I think we can take this a bit further. How about building the executable on Github CI? Then the method of creating the executable is documented in the repo. It would be trivial to replicate (fork the repo and run CI). The executable itself might even be added/replaced on each release by CI. That might ease maintenance.

Can anyone with experience and or real knowledge with supply chain security pitch in if this could work?

(at the very least this approach seems to assume GitHub is trusted).

kayabaNerve added a commit to serai-dex/serai that referenced this issue Aug 19, 2023
Achieves three notable updates.

1) Resolves RUSTSEC-2022-0093 by updating libp2p-identity.
2) Removes 3 old rand crates via updating ed25519-dalek (a dependency of
libp2p-identity).
3) Sets serde_derive to 1.0.171 via updating to time 0.3.26 which pins at up to
1.0.171.

The last one is the most important. The former two are niceties.

serde_derive, since 1.0.171, ships a non-reproducible binary blob in what's a
complete compromise of supply chain security. This is done in order to reduce
compile times, yet also for the maintainer of serde (dtolnay) to leverage
serde's position as the 8th most downloaded crate to attempt to force changes
to the Rust build pipeline.

While dtolnay's contributions to Rust are respectable, being behind syn, quote,
and proc-macro2 (the top three crates by downloads), along with thiserror,
anyhow, async-trait, and more (I believe also being part of the Rust project),
they have unfortunately decided to refuse to listen to the community on this
issue (or even engage with counter-commentary). Given their political agenda
they seem to try to be accomplishing with force, I'd go as far as to call their
actions terroristic (as they're using the threat of the binary blob as
justification for cargo to ship 'proper' support for binary blobs).

This is arguably representative of dtolnay's past work on watt. watt was a wasm
interpreter to execute a pre-compiled proc macro. This would save the compile
time of proc macros, yet sandbox it so a full binary did not have to be run.

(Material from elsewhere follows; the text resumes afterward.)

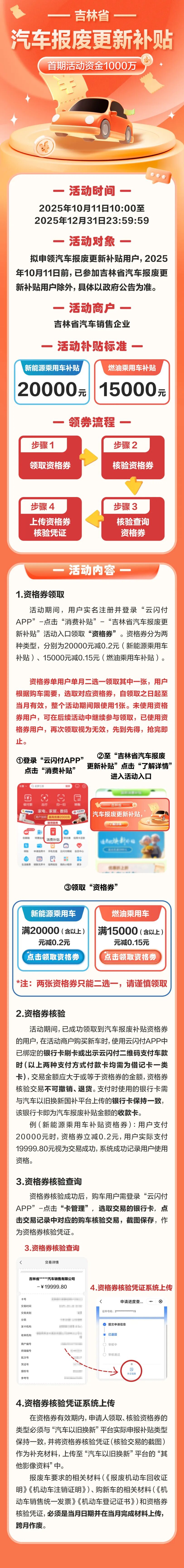 【大河财立方消息】 10月11日,据“吉林发布”,根据国家保障消费品以旧换新政策要求,吉林省即日起调整汽车报废更新补贴政策。
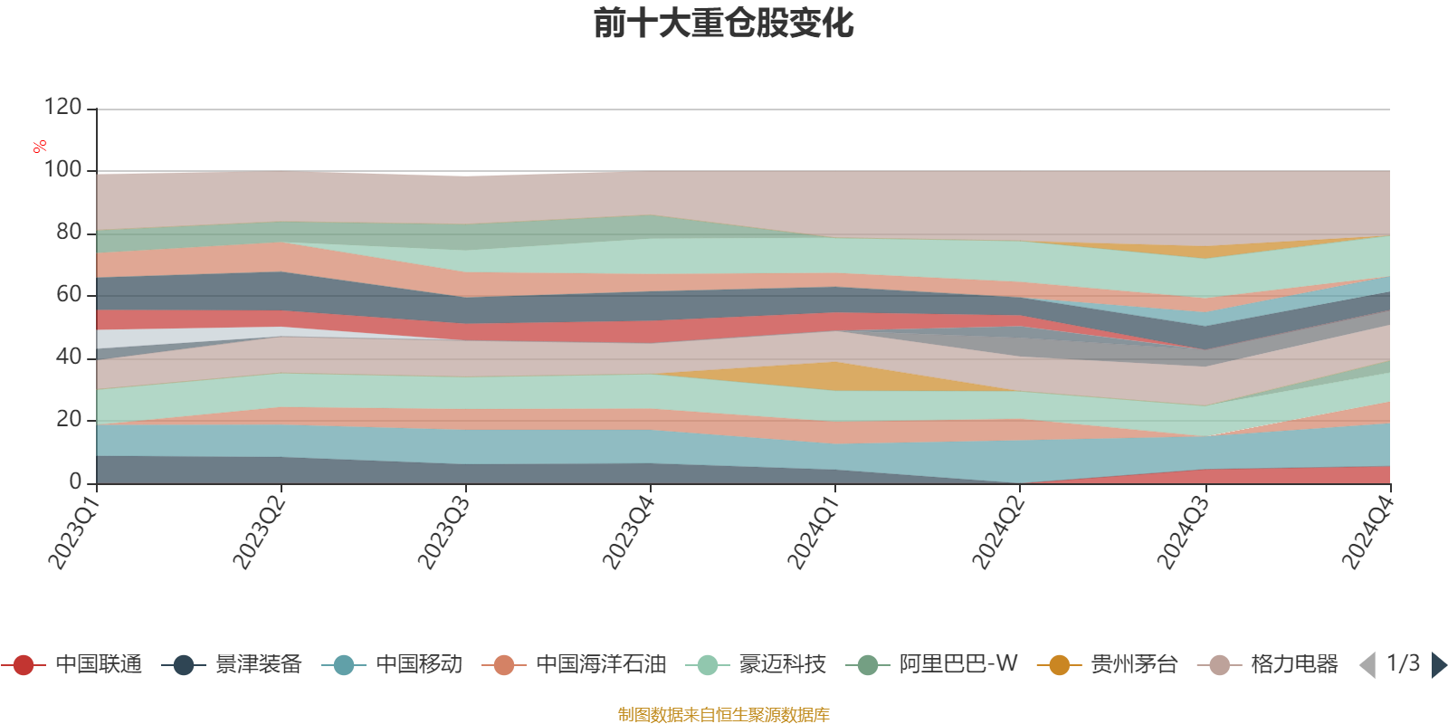该基金持股集中度较高,近2年前十大重仓股集中度长期超过60%。截至2024年四季度末,基金十大重仓股分别是中国移动、美的集团、格力电器、豪迈科技、中国海洋石油、中兴通讯、中国联通、福耀玻璃、华域汽车、阿里巴巴-W。

Unfortunately, watt (while decreasing compile times) fails to be a valid
solution to supply chain security (without massive ecosystem changes). It never
implemented reproducible builds for its wasm blobs, and a malicious wasm blob
could still fundamentally compromise a project. The only solution for an end
user to achieve a secure pipeline would be to locally build the project,
verifying the blob aligns, yet doing so would negate all advantages of the
blob.

dtolnay also seems to be giving up their role as a FOSS maintainer given that
serde no longer works in several environments. While FOSS maintainers are not
required to never implement breaking changes, the version number is still 1.0.
While FOSS maintainers are not required to follow semver, releasing a very
notable breaking change *without a new version number* in an ecosystem which
*does follow semver*, then refusing to acknowledge bugs as bugs with their work
does meet my personal definition of "not actively maintaining their existing
work". Maintenance would be to fix bugs, not introduce and ignore.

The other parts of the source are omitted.